Dataset items:
══════════════════════════════
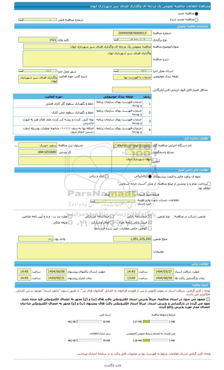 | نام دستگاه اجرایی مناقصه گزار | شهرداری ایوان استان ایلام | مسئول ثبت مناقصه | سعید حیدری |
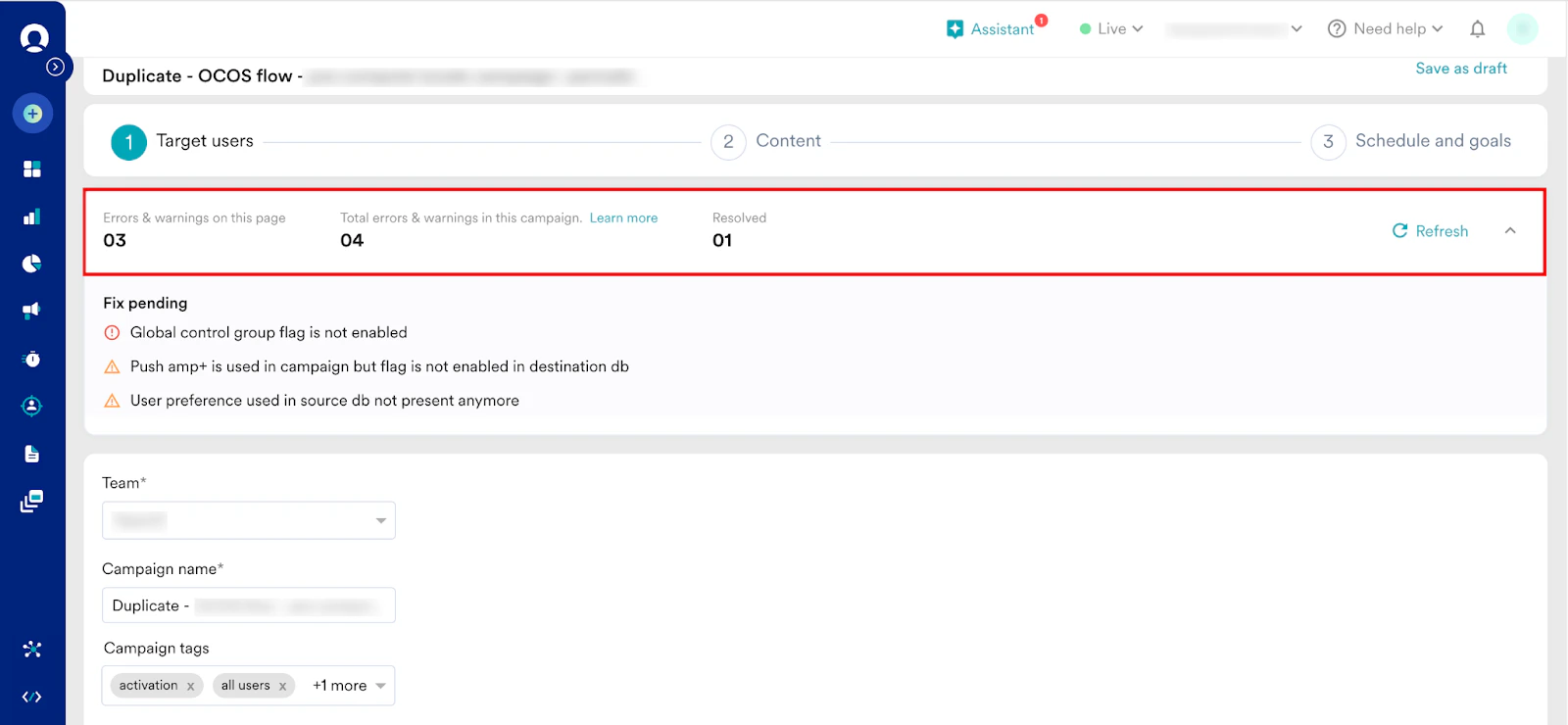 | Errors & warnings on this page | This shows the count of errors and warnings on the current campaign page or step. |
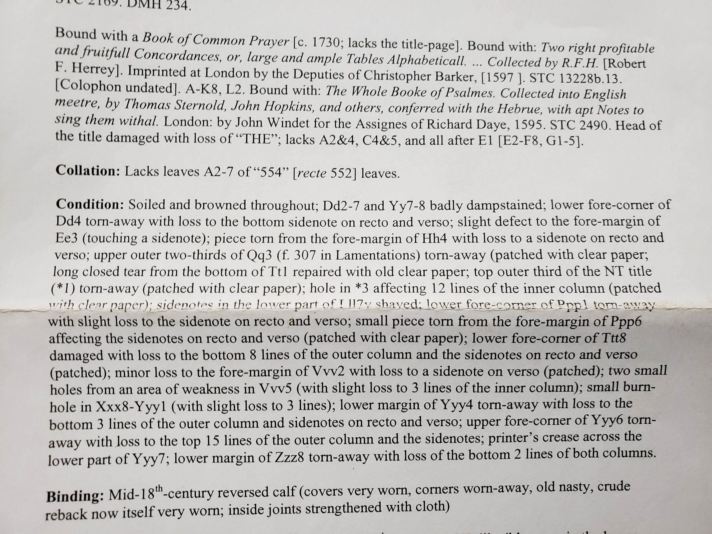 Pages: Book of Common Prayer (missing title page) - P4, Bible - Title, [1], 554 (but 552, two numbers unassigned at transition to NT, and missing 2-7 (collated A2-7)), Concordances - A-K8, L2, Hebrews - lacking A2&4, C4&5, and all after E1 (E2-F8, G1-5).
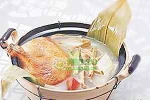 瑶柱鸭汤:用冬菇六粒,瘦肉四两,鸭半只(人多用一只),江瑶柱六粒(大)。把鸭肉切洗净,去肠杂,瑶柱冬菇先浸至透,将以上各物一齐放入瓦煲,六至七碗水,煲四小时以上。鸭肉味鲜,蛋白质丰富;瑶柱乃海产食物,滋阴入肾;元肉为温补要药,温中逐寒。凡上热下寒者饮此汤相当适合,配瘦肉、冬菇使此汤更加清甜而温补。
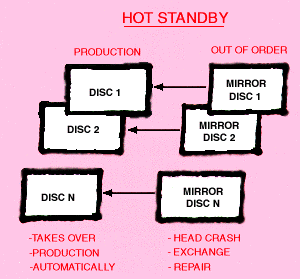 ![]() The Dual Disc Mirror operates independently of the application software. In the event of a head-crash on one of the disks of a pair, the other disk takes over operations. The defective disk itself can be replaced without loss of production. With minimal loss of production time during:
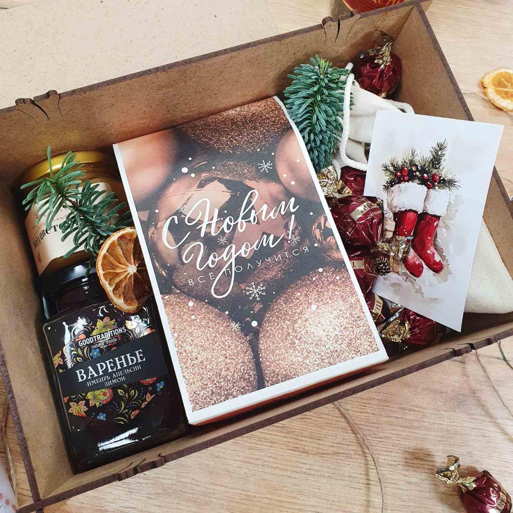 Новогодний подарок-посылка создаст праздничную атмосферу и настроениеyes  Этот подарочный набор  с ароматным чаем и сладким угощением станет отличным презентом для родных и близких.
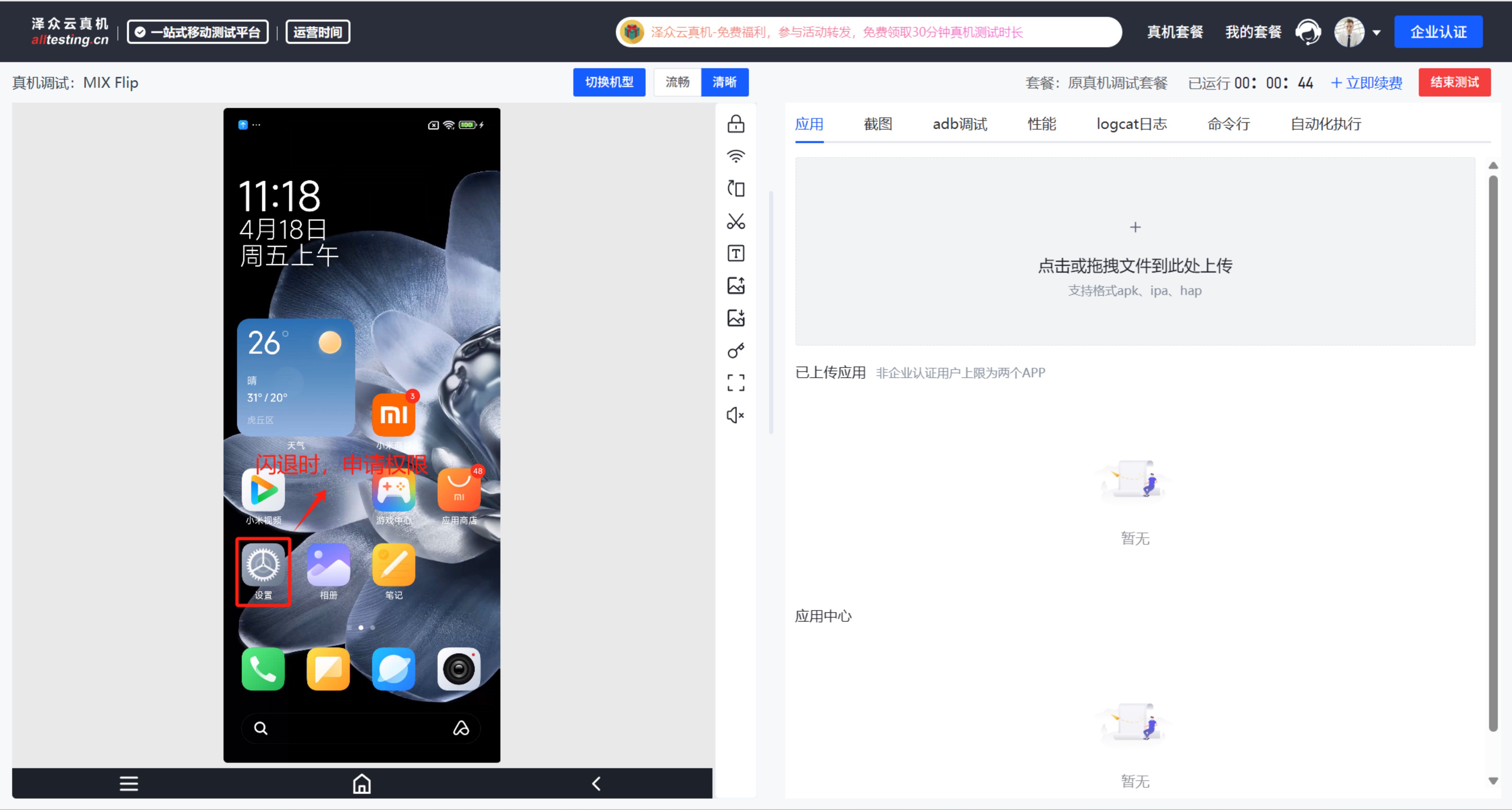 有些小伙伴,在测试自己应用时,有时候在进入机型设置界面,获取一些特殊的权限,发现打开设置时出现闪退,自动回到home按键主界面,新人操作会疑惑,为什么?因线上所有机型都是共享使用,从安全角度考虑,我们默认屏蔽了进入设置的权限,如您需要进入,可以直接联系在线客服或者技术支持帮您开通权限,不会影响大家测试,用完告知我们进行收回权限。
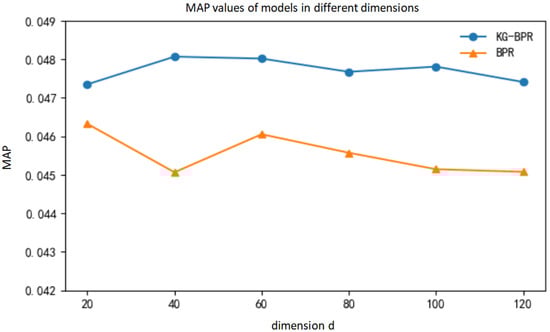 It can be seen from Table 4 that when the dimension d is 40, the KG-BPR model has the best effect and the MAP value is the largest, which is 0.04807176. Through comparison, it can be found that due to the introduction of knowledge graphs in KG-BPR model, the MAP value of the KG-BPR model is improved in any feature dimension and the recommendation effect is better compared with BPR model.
══════════════════════════════
**How to complete this task:** What's needed is an exact copy of every entry, free of pictures.

**Finished task:**
 | نام دستگاه اجرایی مناقصه گزار | شهرداری ایوان استان ایلام | مسئول ثبت مناقصه | سعید حیدری |
 | Errors & warnings on this page | This shows the count of errors and warnings on the current campaign page or step. |
 Pages: Book of Common Prayer (missing title page) - P4, Bible - Title, [1], 554 (but 552, two numbers unassigned at transition to NT, and missing 2-7 (collated A2-7)), Concordances - A-K8, L2, Hebrews - lacking A2&4, C4&5, and all after E1 (E2-F8, G1-5).
 瑶柱鸭汤:用冬菇六粒,瘦肉四两,鸭半只(人多用一只),江瑶柱六粒(大)。把鸭肉切洗净,去肠杂,瑶柱冬菇先浸至透,将以上各物一齐放入瓦煲,六至七碗水,煲四小时以上。鸭肉味鲜,蛋白质丰富;瑶柱乃海产食物,滋阴入肾;元肉为温补要药,温中逐寒。凡上热下寒者饮此汤相当适合,配瘦肉、冬菇使此汤更加清甜而温补。
 ![]() The Dual Disc Mirror operates independently of the application software. In the event of a head-crash on one of the disks of a pair, the other disk takes over operations. The defective disk itself can be replaced without loss of production. With minimal loss of production time during:
 Новогодний подарок-посылка создаст праздничную атмосферу и настроениеyes  Этот подарочный набор  с ароматным чаем и сладким угощением станет отличным презентом для родных и близких.
 有些小伙伴,在测试自己应用时,有时候在进入机型设置界面,获取一些特殊的权限,发现打开设置时出现闪退,自动回到home按键主界面,新人操作会疑惑,为什么?因线上所有机型都是共享使用,从安全角度考虑,我们默认屏蔽了进入设置的权限,如您需要进入,可以直接联系在线客服或者技术支持帮您开通权限,不会影响大家测试,用完告知我们进行收回权限。
 It can be seen from Table 4 that when the dimension d is 40, the KG-BPR model has the best effect and the MAP value is the largest, which is 0.04807176. Through comparison, it can be found that due to the introduction of knowledge graphs in KG-BPR model, the MAP value of the KG-BPR model is improved in any feature dimension and the recommendation effect is better compared with BPR model.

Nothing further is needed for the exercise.